▸ **TASK TO COMPLETE**
Beginning with the first line, retype exactly the records below up to and including the line with "Dịp này, nhân"; pictures do not belong in the copy.
[DATA — start]
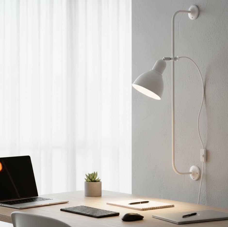 Конструкция оснащена поворотным механизмом, позволяющим менять угол наклона плафона и направлять световой поток в нужную зону. Использование стандартного цоколя E27 делает эту модель универсальной: вы можете установить лампу-спот (рефлекторную) для акцентного освещения или обычную лампу для более мягкого света. Светильник идеально подходит для подсветки зеркал, картин, рабочих поверхностей или использования в качестве бра для чтения в спальне.
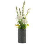 It comes potted in a lightweight plastic tube vase and is ready to display. Vase measures 13cm (h) x 7cm (w)
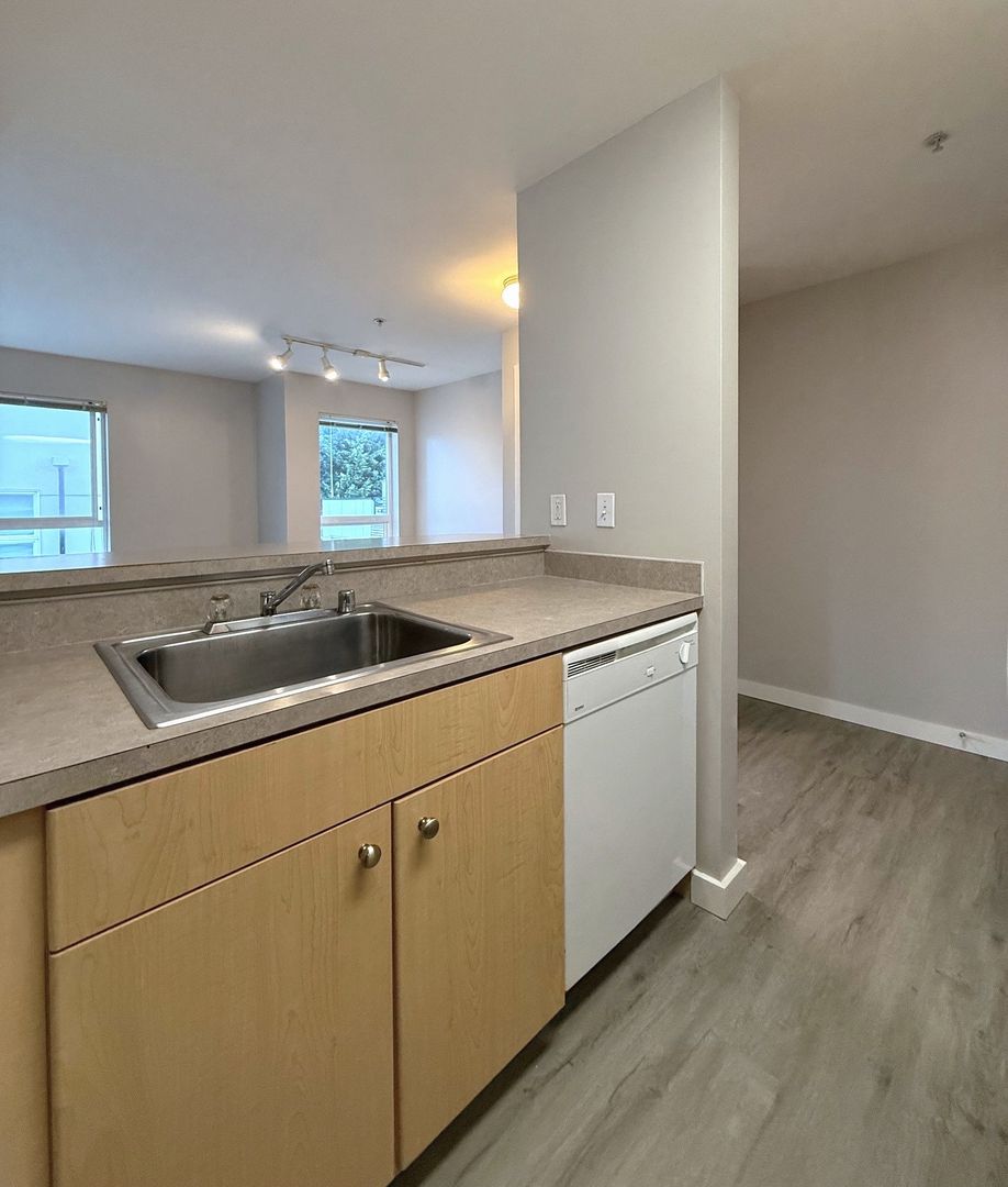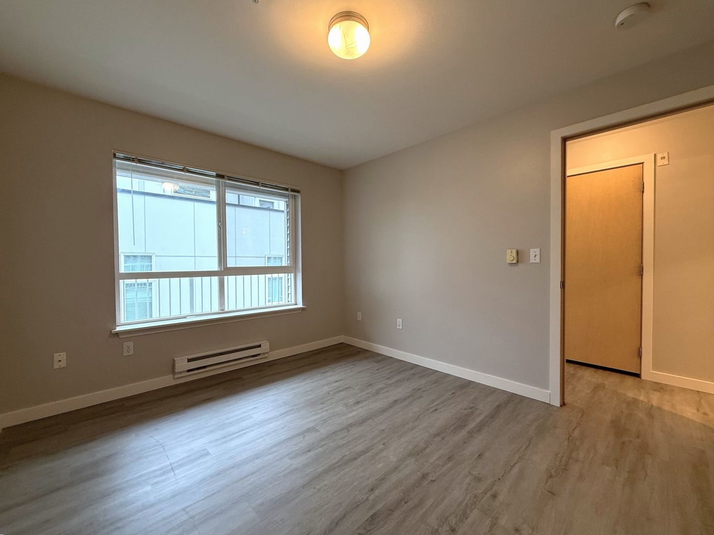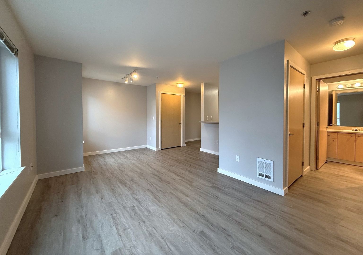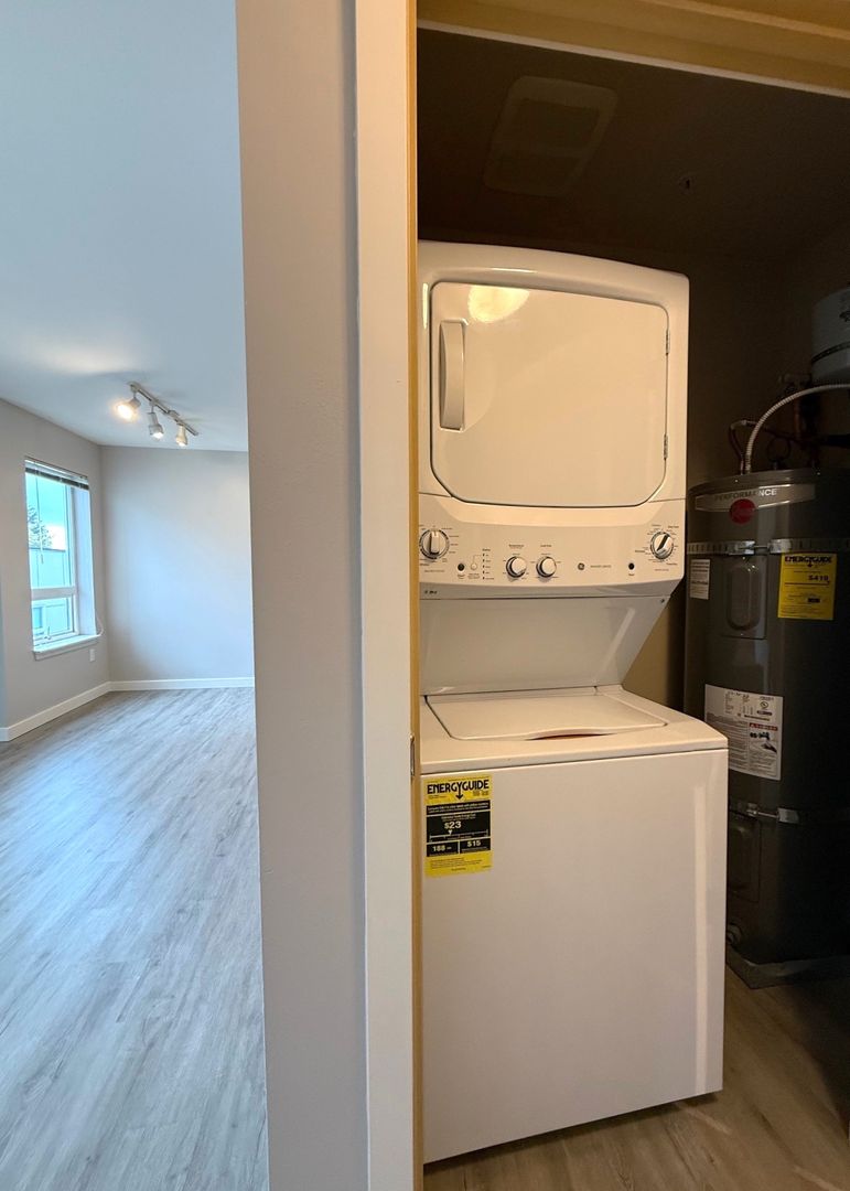 Unit 203 is located on the Northeast corner of the building and receives great natural light. There is a small private balcony off the living room overlooking lower Woodland Park. There is a walk-in closet in the bedroom and an in-unit washer/dryer stack.
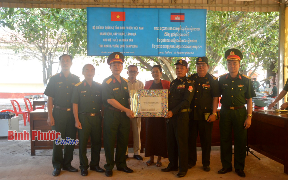 Dịp này, nhân tết cổ truyền Chôl Chnăm Thmây của đất nước Campuchia, Bộ CHQS tỉnh Bình Phước đã tặng 400 suất quà cho hộ nghèo của 2 huyện, gồm các nhu yếu phẩm, với tổng trị giá 200 triệu đồng và 70 triệu đồng tiền thuốc cấp miễn phí cho người dân.
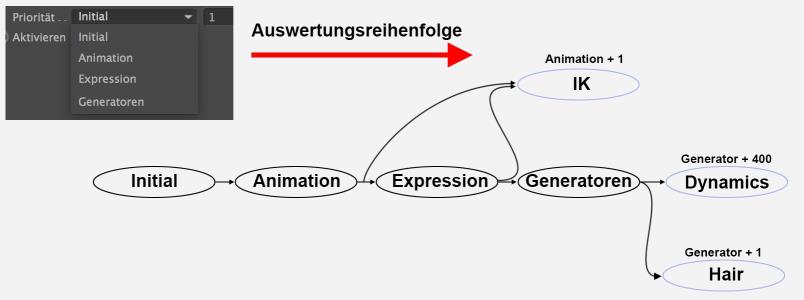 angegeben.Im Falle der Dynamics z.B. (Priorität Generator +400) sind diese Prioritäten komplett intern definiert und können nicht geändert werden, d.h. beispielsweise, dass Expressions (die z.B. eine Punktposition auslesen), die auf durch die Dynamics deformierte Objekte zeigen, eine Priorität von mind. Generator +401 benötigen.
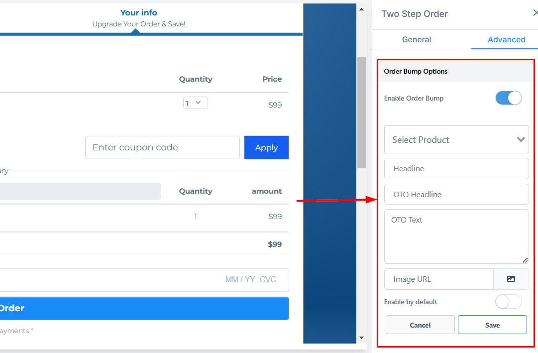 - Enable by default: "Enable by default" allows you to set the order bumps to turn on by default.
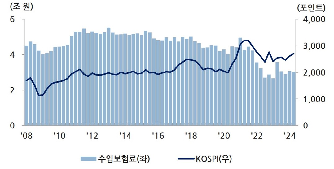 | ▲ 주가지수와 변액보험 수입보험료. [보험연구원] |
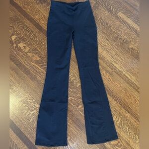 Stylish black leggings with a flared design. Perfect for yoga or casual wear. Features subtle branding on the leg.
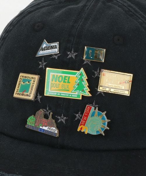 フロントにピンズとスターモチーフの刺繍をあしらったキャップ。
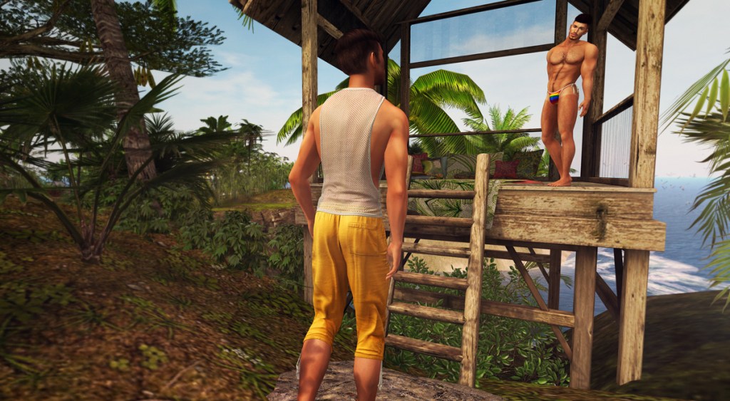 I would have loved a Corfu inspired sim, but I didn’t want to spend too much time trying to find something perfect. It’s not like I was going to find the Durrells waiting there for me. In SL I feel most attracted to sims that are somewhat explorable. Salt Water is a rugged, tropical island that climbs slowly from a western bay up to high plateaus and with its lush vegetation, interesting ruins and some romantic spots, this island definitely has that explorable factor.
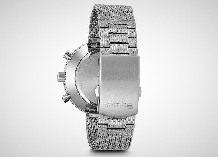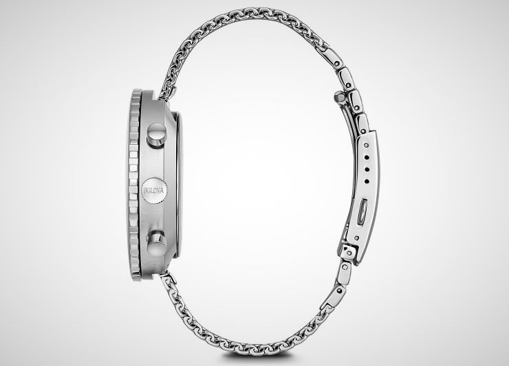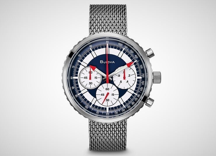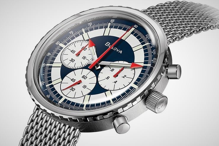 Just like the original, the new Bulova Chronograph C ($750) has a 46mm stainless steel case with coin-edge details.  Under its anti-reflective domed sapphire crystal, the dial shows three sub-complication faces for a six-handed chronograph complete with tachometer scale and hour track. The white hour & minutes hands are capped with a red arrow-tip point reminiscent of rockets and inside is a proprietary high-performance quartz movement with 262 kHz vibrational frequency.
[DATA — finish]
▸ **WRITTEN ANSWER**
 Конструкция оснащена поворотным механизмом, позволяющим менять угол наклона плафона и направлять световой поток в нужную зону. Использование стандартного цоколя E27 делает эту модель универсальной: вы можете установить лампу-спот (рефлекторную) для акцентного освещения или обычную лампу для более мягкого света. Светильник идеально подходит для подсветки зеркал, картин, рабочих поверхностей или использования в качестве бра для чтения в спальне.
 It comes potted in a lightweight plastic tube vase and is ready to display. Vase measures 13cm (h) x 7cm (w)
 Unit 203 is located on the Northeast corner of the building and receives great natural light. There is a small private balcony off the living room overlooking lower Woodland Park. There is a walk-in closet in the bedroom and an in-unit washer/dryer stack.
 Dịp này, nhân tết cổ truyền Chôl Chnăm Thmây của đất nước Campuchia, Bộ CHQS tỉnh Bình Phước đã tặng 400 suất quà cho hộ nghèo của 2 huyện, gồm các nhu yếu phẩm, với tổng trị giá 200 triệu đồng và 70 triệu đồng tiền thuốc cấp miễn phí cho người dân.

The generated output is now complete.